Suara.com - Unggahan influencer sekaligus food vlogger, Aa Juju soal keluhannya pada mobil listrik Hyundai Ioniq 5 tengah menjadi perhatian publik.
Sebab, mobil listrik Hyundai Ioniq 5 yang dibelinya secara cash senilai Rp800 jutaan justru mengalami banyak masalah.
Masalah yang dialami Aa Juju mulai dari mobil yang tidak bisa pakai fitur fast charging, mobil tidak bisa dinyalakan hingga aki mobil listrik soak dan harus diganti.
Setelah mengundang teknisi ketika mobilnya tak bisa nyala, Aa Juju baru mengetahui aki mobilnya yang masih baru itu soak dan harus diganti.
Teknisi juga menjelaskan pada Aa Juju bahwa penyebab aki soak itu akibat kebiasaannya parkir paralel.
Sebab, teknisi tak pernah menyarankan mobil listrik tersebut diparkir paralel dalam waktu lama.
Paadahal, sebelum membelinya Aa Juju mengaku selalu menekankan bahwa dirinya membutuhkan mobil yang bisa parkir paralel dan sales menyebut mobil Hyundai Ioniq 5 itu salah satu yang aman diparkir paralel.
Lantas, benarkah mobil listrik (EV) yang parkir paralel bisa menyebabkan aki soak?

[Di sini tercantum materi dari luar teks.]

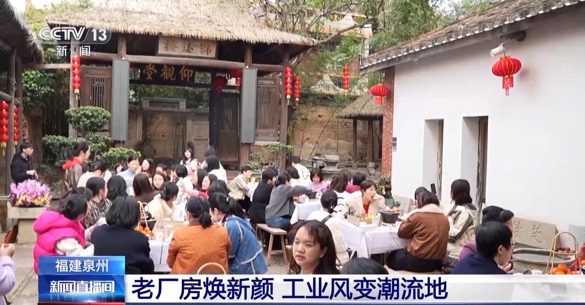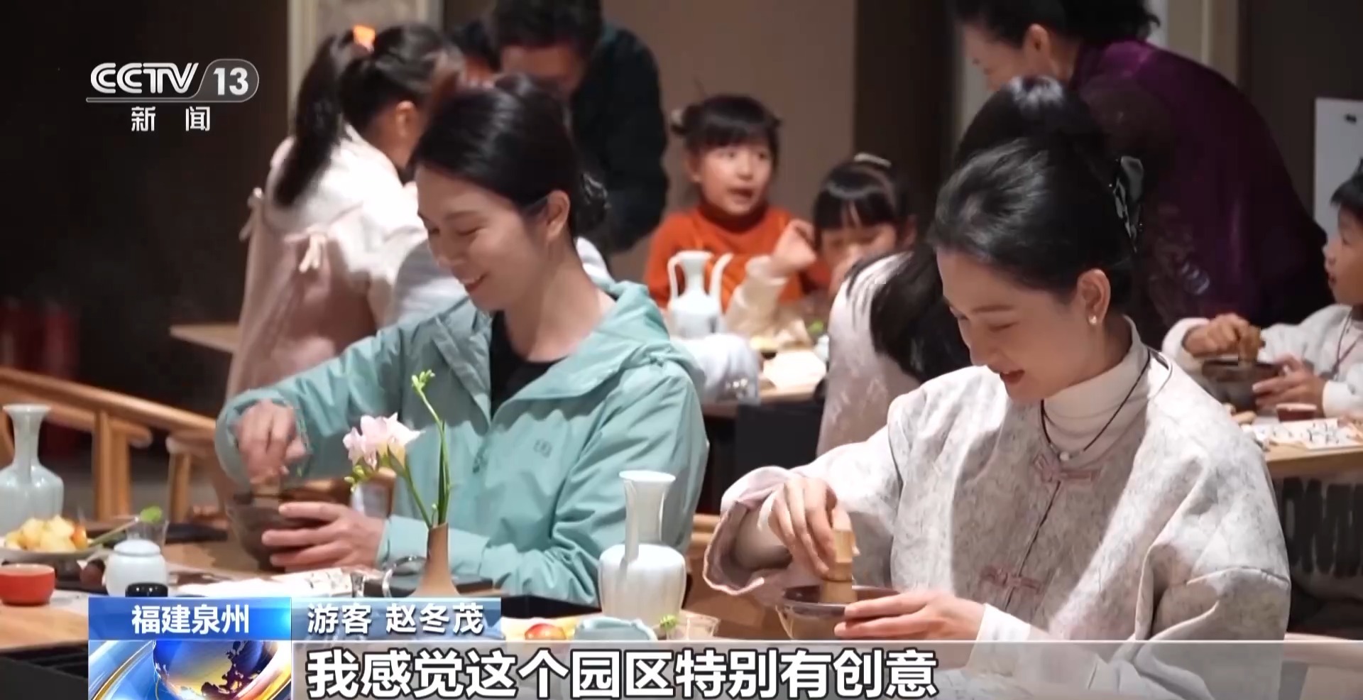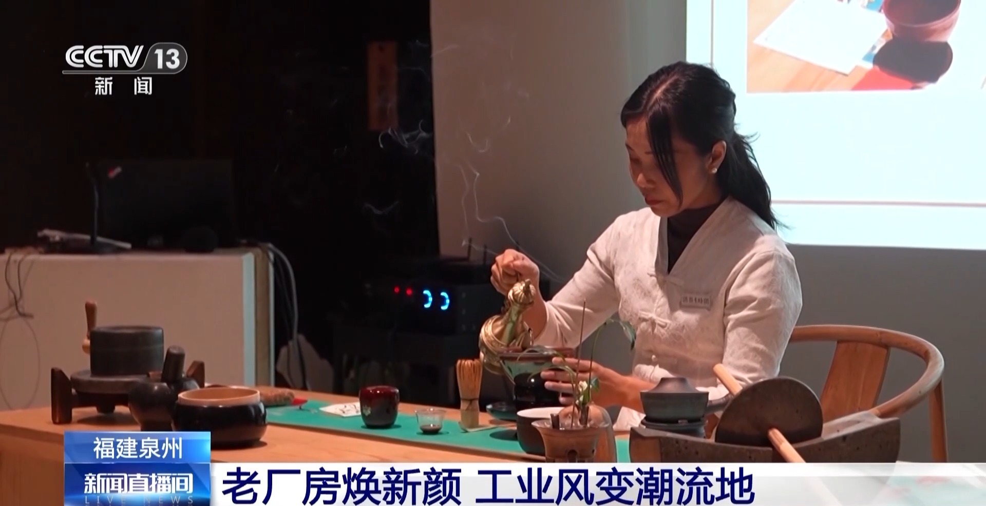 总台记者 阮思潼:我现在正在体验的就是传统茶艺,宋式点茶。看我身后古色古香的环境,大家一定想象不到,这儿之前其实是旧面粉厂的制粉车间。现在它被改造成了一个大型的茶艺空间,不仅可以在这里休憩、品茶,还可以进行一些活动的体验,感受古风国韵。

Simak ulasannya berikut ini.
Berdasarkan keterangan teknisi yang memperbaiki mobil Aa Juju tersebut, terungkap fakta bahwa aki 12 volt (aki kecil) pada mobil tersebut sudah habis atau soak.

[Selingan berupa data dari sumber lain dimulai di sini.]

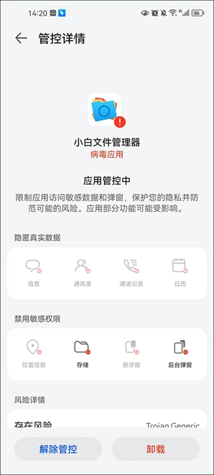 4、左下角设有解除管控的按键,确认解除管控后,小白文件管理器即可正常使用。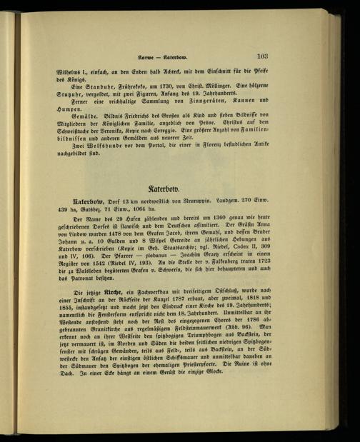 Der Name des 29 Hufen zählenden und bereits um 1360 genau wie heute geſchriebenen Dorfes iſt ſlawiſch und dem Deutſchen aſſimiliert. Der Gräfin Anna von Lindow wurden 1478 von dem Grafen Jacob, ihrem Gemahl, und deſſen Bruder Johann u. a. 10 Gulden und 8 Wiſpel Getreide an jährlichen Hebungen aus Katerbow verſchrieben(Kopie im Geh. Staatsarchiv; vgl. Riedel, Codex Il, 309 und IV, 106). Der Pfarrer— plebanus— Joachim Graetz erſcheint in einem Regiſter von 1542(Riedel IV, 193). An die Stelle der v. Falkenberg traten 1723 die zu Walsleben begüterten Grafen v. Schwerin , die ſich hier behaupteten und auch das Patronat beſitzen.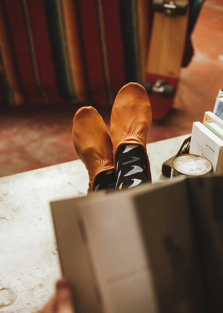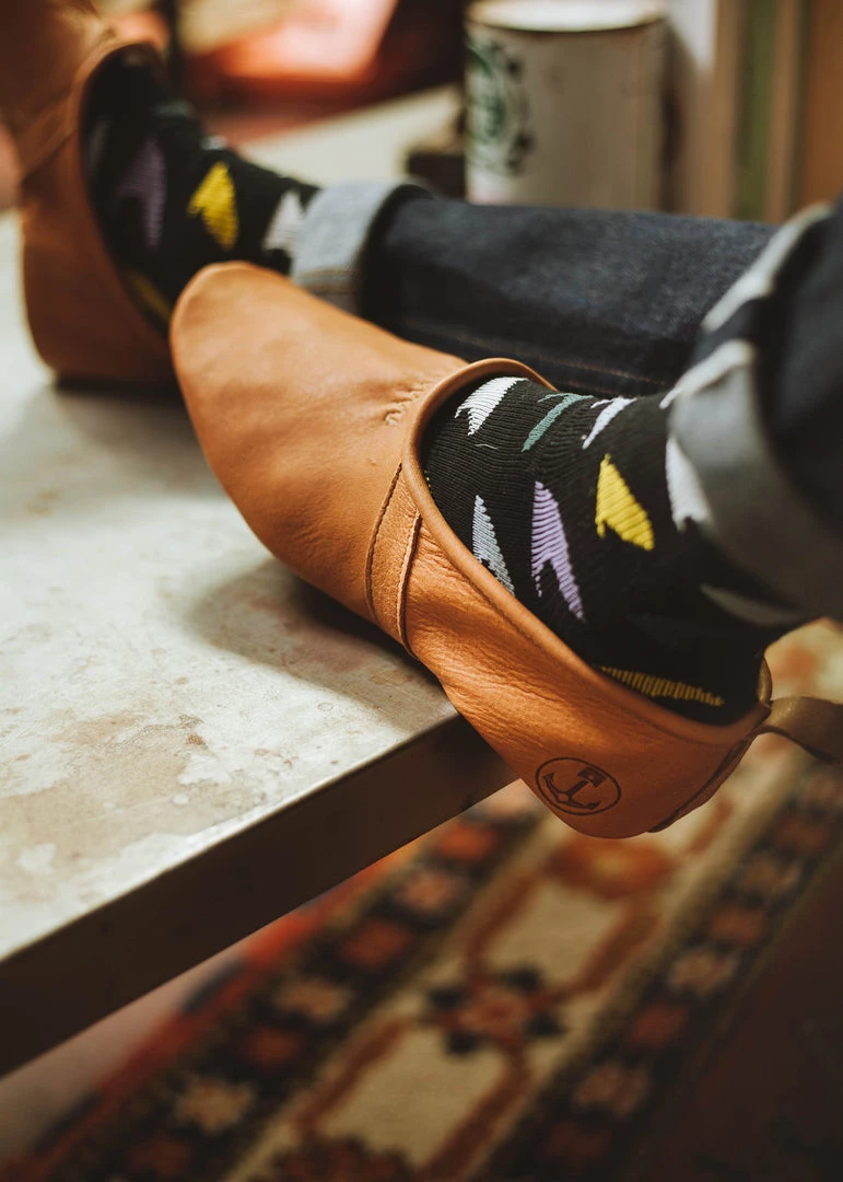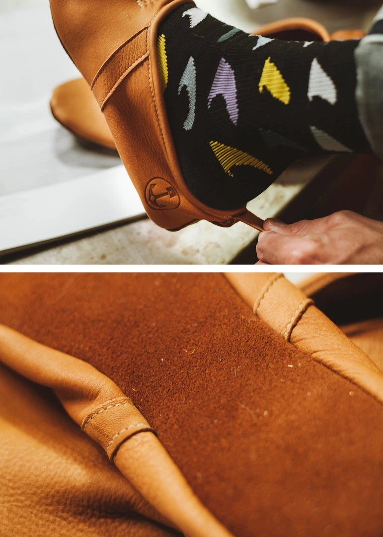 If you’ve ever heard stories from your grandfather about wearing deerskin moccasins around the family cabin in the dead of winter, well he wasn’t joking. They have to be one of the most comfortable pair of slips we have ever put on. In collaboration with Sullivan Gloves out of Bend, OR, these were literally hand cut, and hand sewn, per each size that we ordered. Made from a 2.5 – 3oz American deerskin for that luxurious soft feeling, with an insole made of memory foam, these are the bee’s knees.
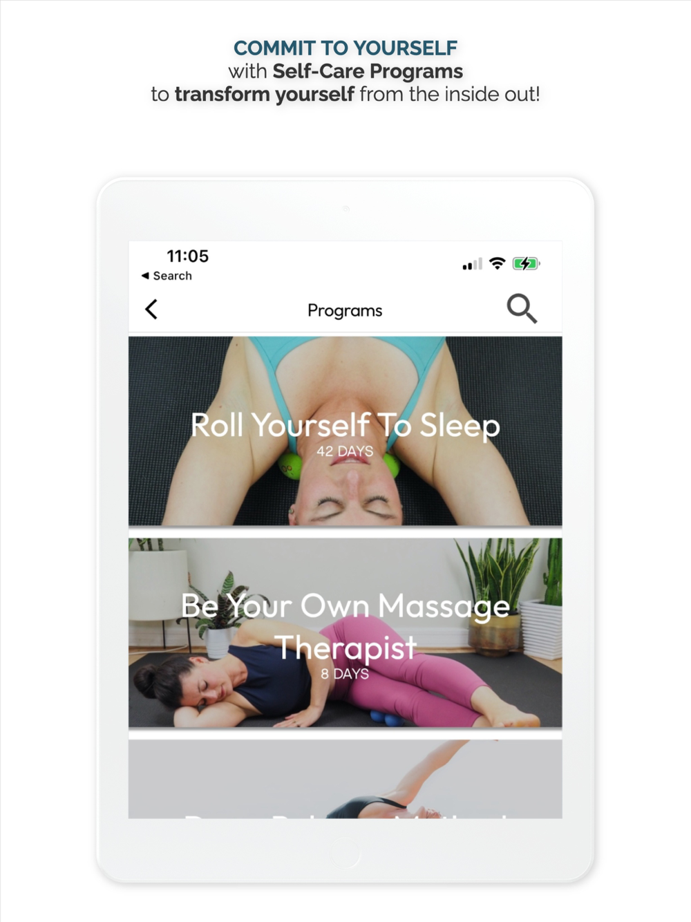With self-care practices including follow along yoga, self myofascial release, and mindfulness classes ranging from 5-60 minutes.

Pihak mekanik menyebut bahwa fitur kelistrikan seperti Bluelink tetap bekerja mengirim data saat mobil diparkir dalam posisi paralel (gigi netral).

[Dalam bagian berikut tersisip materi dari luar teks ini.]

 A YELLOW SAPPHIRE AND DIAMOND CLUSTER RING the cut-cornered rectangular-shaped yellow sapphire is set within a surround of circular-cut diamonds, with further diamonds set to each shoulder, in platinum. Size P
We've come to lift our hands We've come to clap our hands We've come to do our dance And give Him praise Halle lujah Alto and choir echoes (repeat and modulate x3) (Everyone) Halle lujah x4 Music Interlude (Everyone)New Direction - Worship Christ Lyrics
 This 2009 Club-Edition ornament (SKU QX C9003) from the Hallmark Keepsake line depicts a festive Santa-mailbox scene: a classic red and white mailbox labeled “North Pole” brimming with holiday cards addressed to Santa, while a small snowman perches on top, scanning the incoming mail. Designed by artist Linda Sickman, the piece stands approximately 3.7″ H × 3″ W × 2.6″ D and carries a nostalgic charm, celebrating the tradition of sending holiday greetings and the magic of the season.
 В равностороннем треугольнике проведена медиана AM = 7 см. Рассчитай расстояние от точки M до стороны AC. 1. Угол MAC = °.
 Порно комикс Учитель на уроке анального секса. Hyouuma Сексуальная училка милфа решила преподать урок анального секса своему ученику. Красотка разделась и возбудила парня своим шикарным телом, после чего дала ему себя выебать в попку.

Hal inilah yang dituding menjadi biang kerok'] tersedotnya daya aki hingga habis.
Penjelasan Ahli Soal Parkir Paralel untuk Mobil Listrik
Menanggapi isu yang tengah viral tersebut, influencer otomotif yang kerapmengulas mobil listrik, Jason Nathaniel, ikut memberikan pencerahan.
Menurutnya, mobil listrik memang bisa diparkir paralel, tapi ada syarat dan ketentuan yang berlaku.
"Mobil EV biasanya sudah ada fitur untuk menetralkan mobil saat parkir. Tapi, sadar tidak biasanya nama pengaturannya itu towing mode, tow away mode, atau trailer mode," ujar Jason dalam unggahan Instagram-nya.
Ia menjelaskan bahwa meskipun ada beberapa mobil yang memiliki Neutral Parking Mode, fitur tersebut sebenarnya dirancang untuk kebutuhan singkat, seperti saat mobil hendak diderek (towing).
"Memang tidak disarankan untuk jangka panjang. Setelah itu harus dikembalikan ke posisi P (Park) lagi," tambahnya.
Lebih lanjut, Jason menjelaskan bahwa saat mobil listrik berada di posisi netral, sistem DC Converter yang bertugas mengisi daya aki 12 volt dari baterai besar bisa terganggu kinerjanya.
Sistem ini berbeda-beda pada setiap merek mobil. Ada mobil yang tetap mengisi daya aki kecil meski di posisi netral,tapi banyak juga yang berhenti mengisi daya jika tidak dalam mode yang tepat.
"Pastinya harus cek buku manualnya dulu. Yang pasti, kalau EV kita dalam kondisi ON, Utility Mode, atau Showroom Mode, biasanya aki kecil masih bisa dicas secara normal," jelas Jason.
Tips Aman Parkir Mobil Listrik
Belajar dari kasus Aa Juju, para pemilik mobil listrik disarankan untuk memperhatikan hal-hal berikut saat parkir.
- Baca Buku Manual: Pahami prosedur parkir paralel yang benar sesuai spesifikasi pabrikan.
- Jangan Terlalu Lama: Hindari meninggalkan mobil dalam posisi netral untuk waktu yang sangat lama jika sistem tidak mendukung pengisian aki 12V di posisi tersebut.
- Gunakan Utility Mode: Jika harus berhenti lama dengan kondisi alat elektronik menyala, pastikan masuk ke mode yang aman bagi aki.